## Dataset section
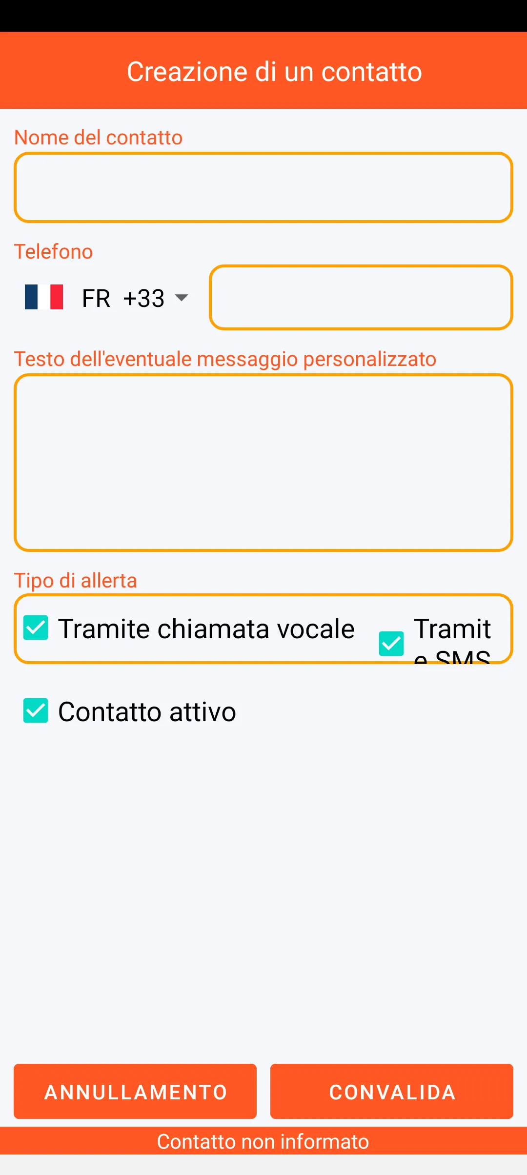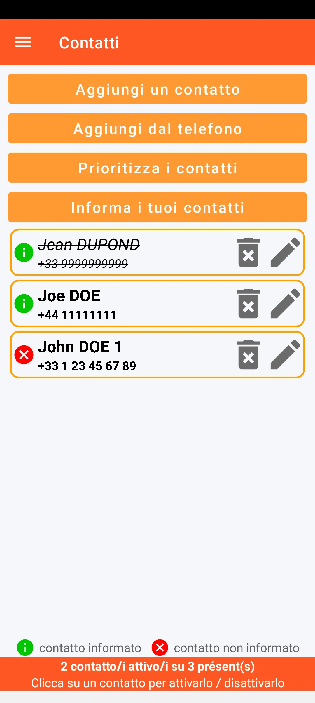 È possibile definire le persone di fiducia da avvisare a partire dai contatti presenti sullo smartphone. Queste persone possono essere prioritarie e informate che potranno ricevere un messaggio di avviso. Ciascuno dei contatti può essere temporaneamente disattivato.
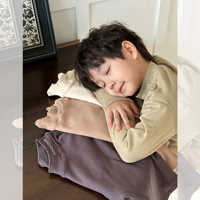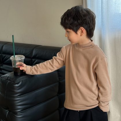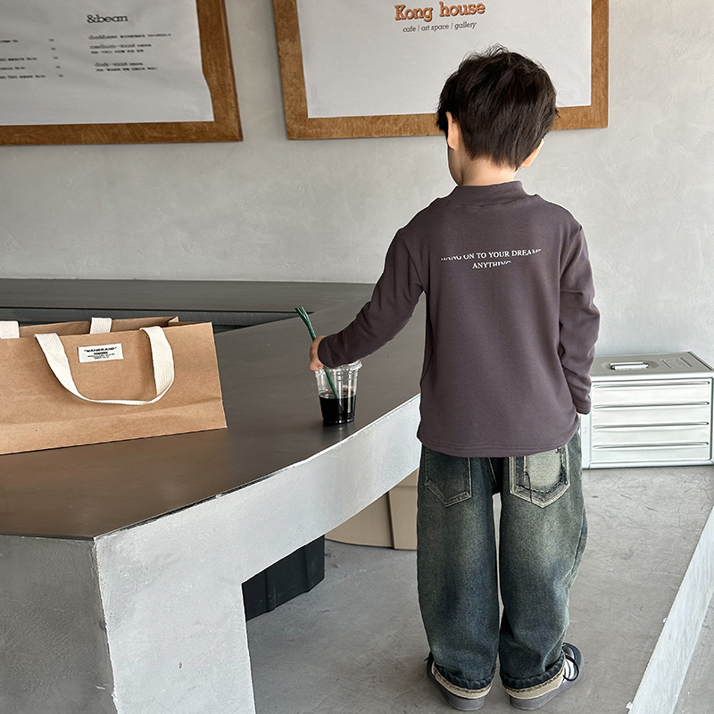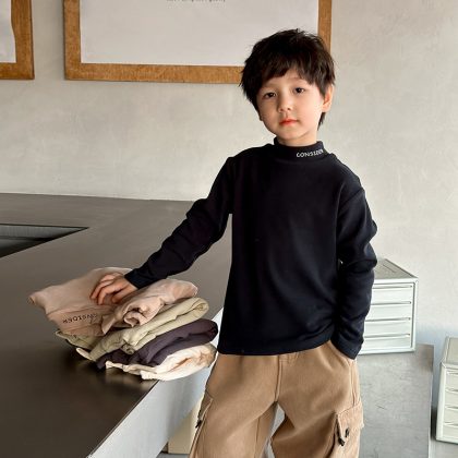 | nameOriginal | Aimo Beibei children's thickened fleece-lined wool pull rack bottoming shirt boys and girls baby warm mid-collar letter top |
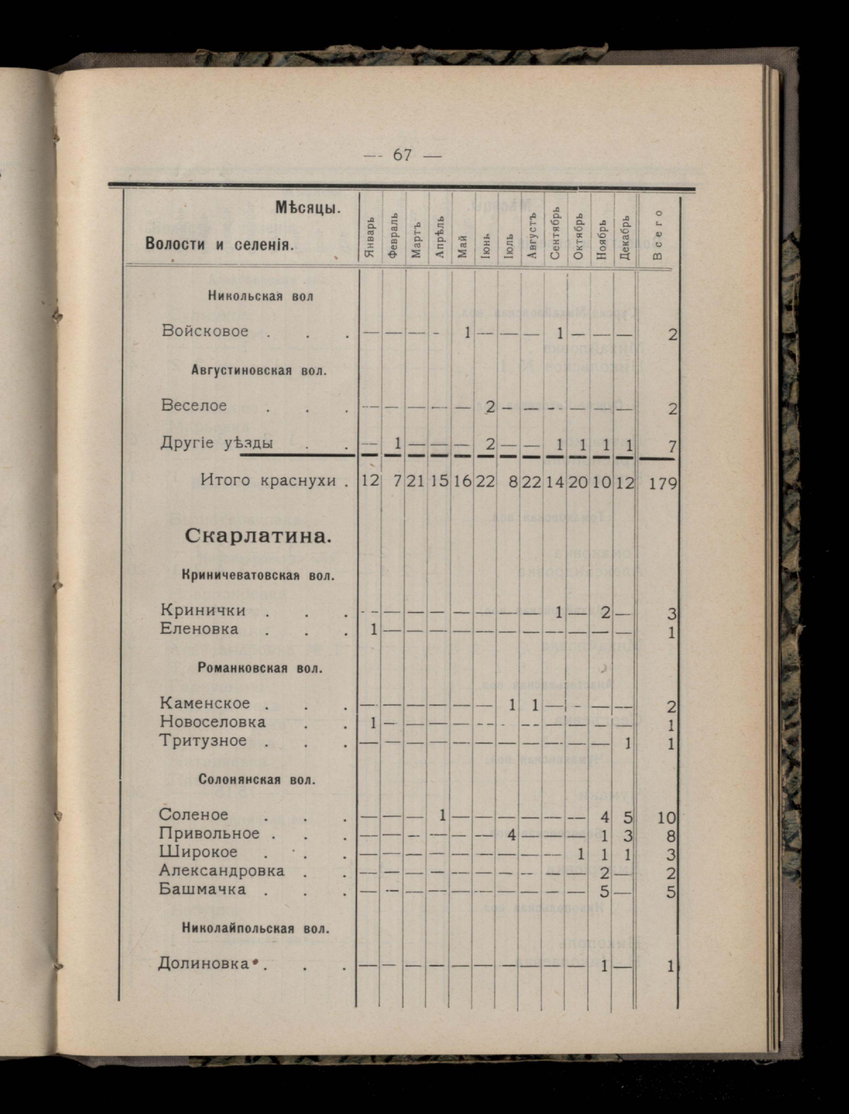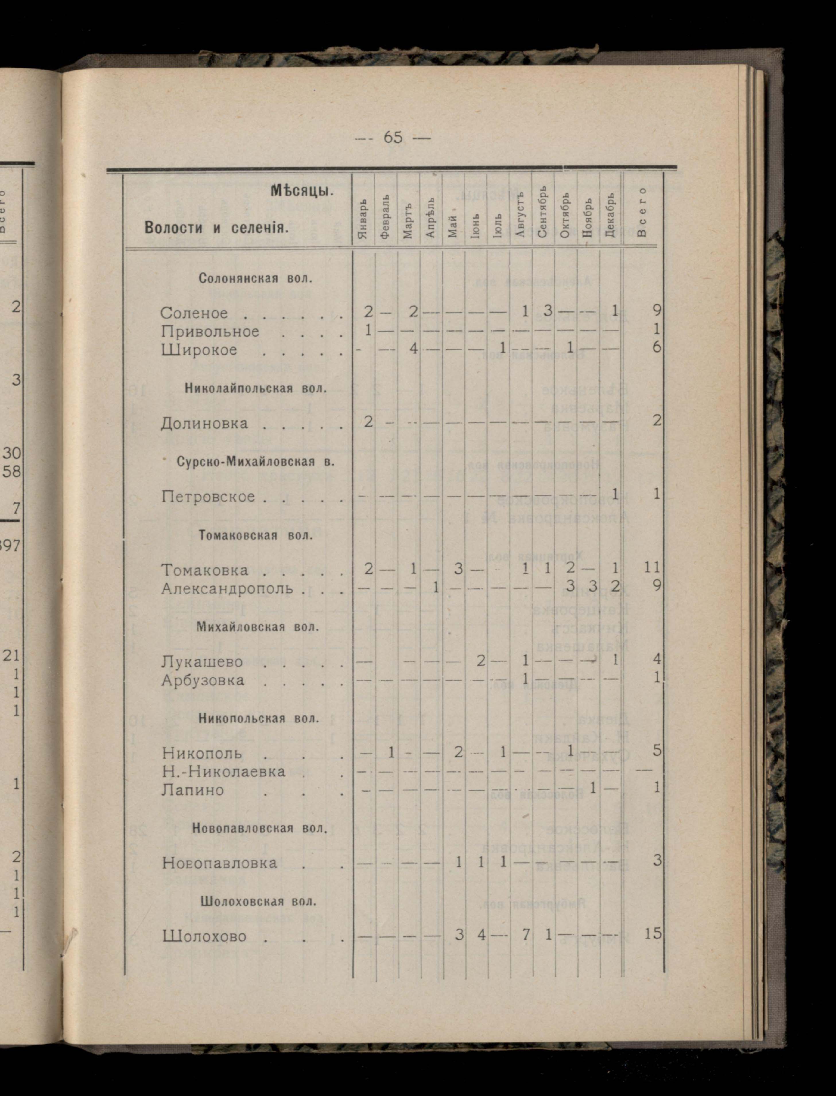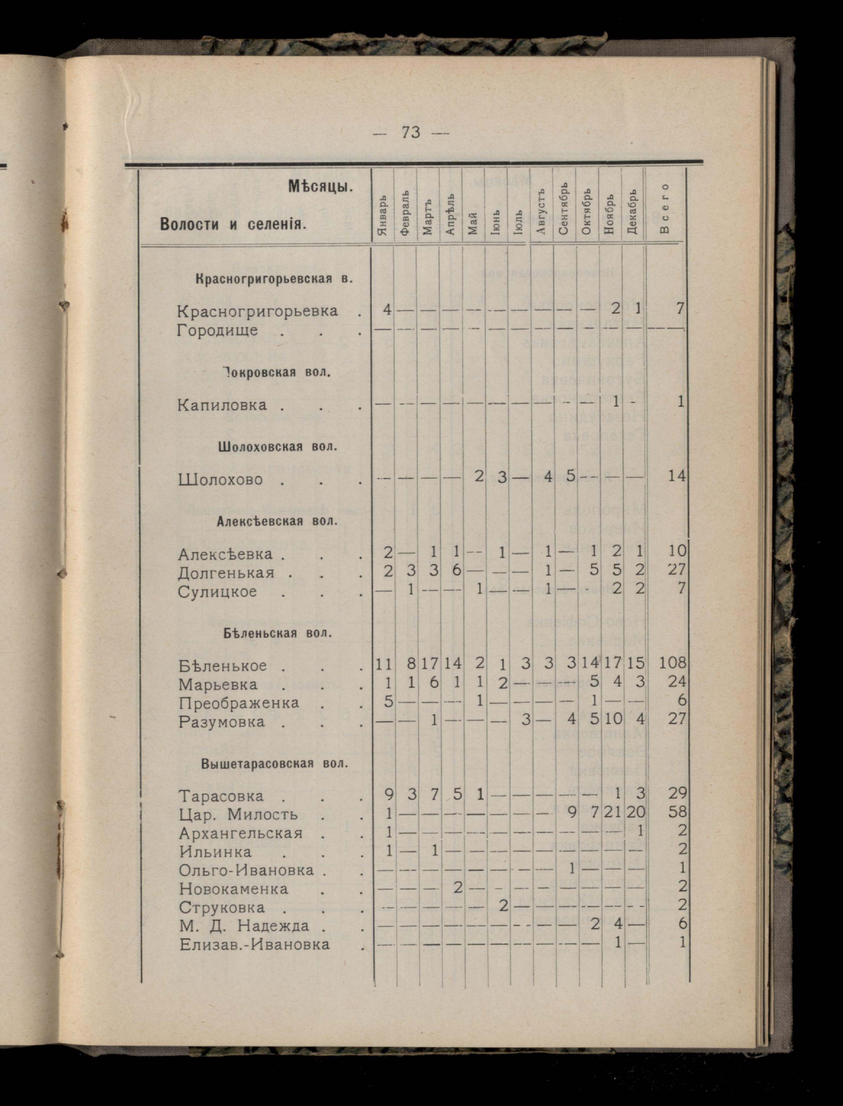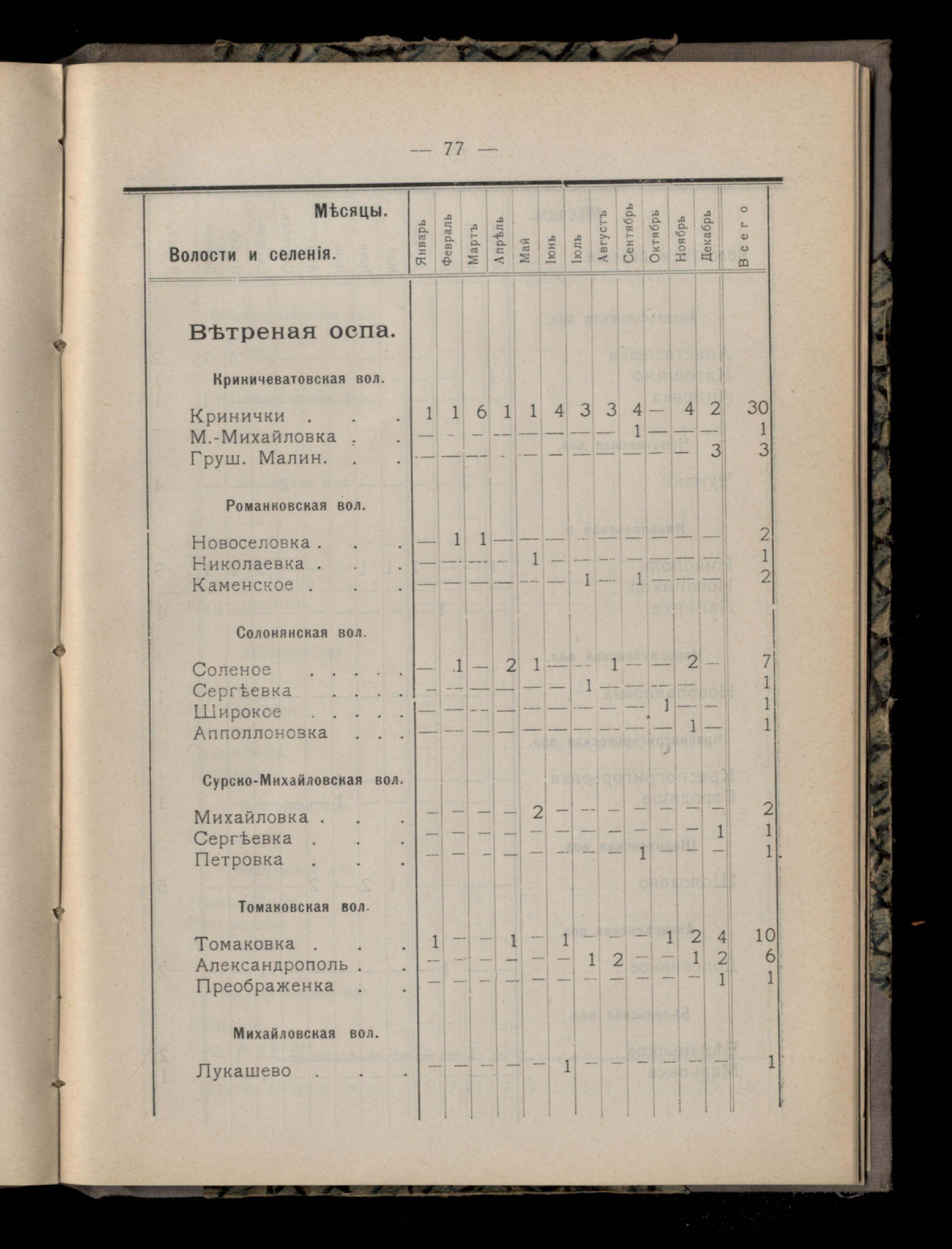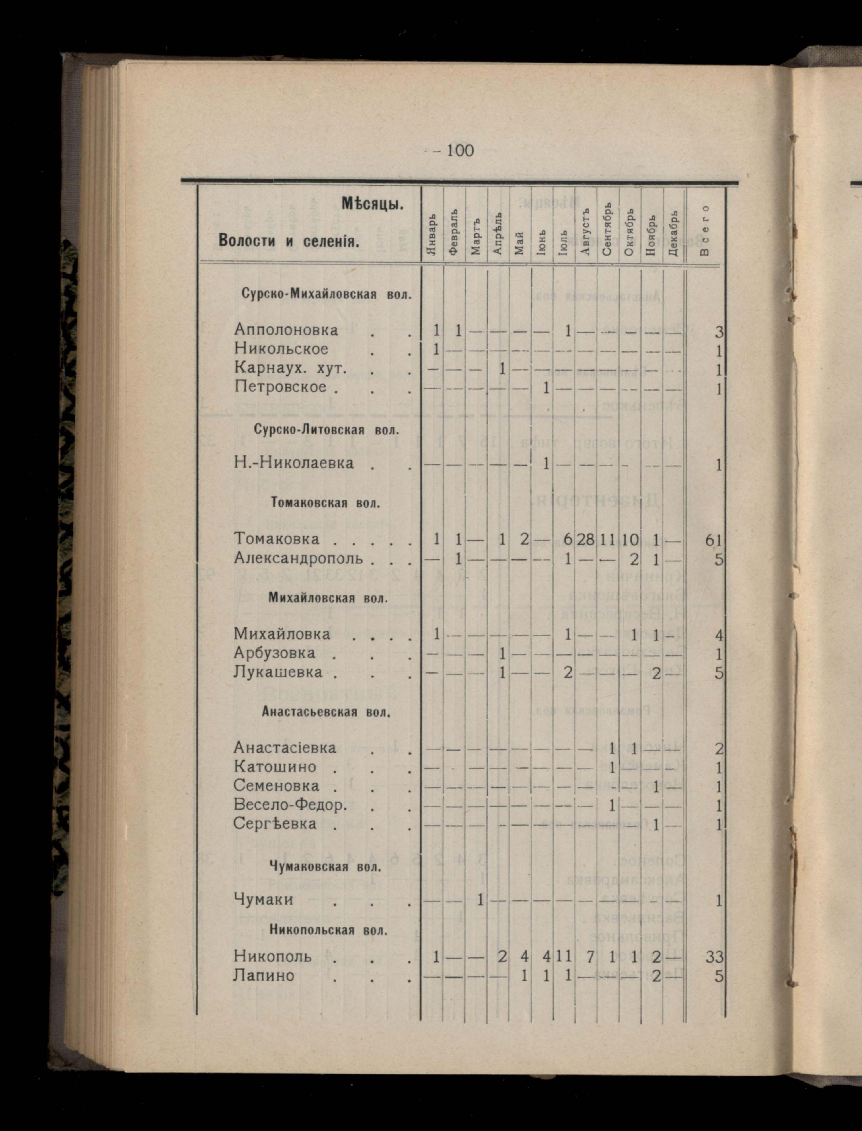 Таблица 4-я. Распределеніе важнейших заразныхъ заболеваній въ 1911 году по населеннымъ пунктамъ Екатеринославскаго уезда и по месяцамъ года

## What you are asked to do
Without the pictures, return the whole of the data exactly as given.

## Written response
 È possibile definire le persone di fiducia da avvisare a partire dai contatti presenti sullo smartphone. Queste persone possono essere prioritarie e informate che potranno ricevere un messaggio di avviso. Ciascuno dei contatti può essere temporaneamente disattivato.
 | nameOriginal | Aimo Beibei children's thickened fleece-lined wool pull rack bottoming shirt boys and girls baby warm mid-collar letter top |
 Таблица 4-я. Распределеніе важнейших заразныхъ заболеваній въ 1911 году по населеннымъ пунктамъ Екатеринославскаго уезда и по месяцамъ года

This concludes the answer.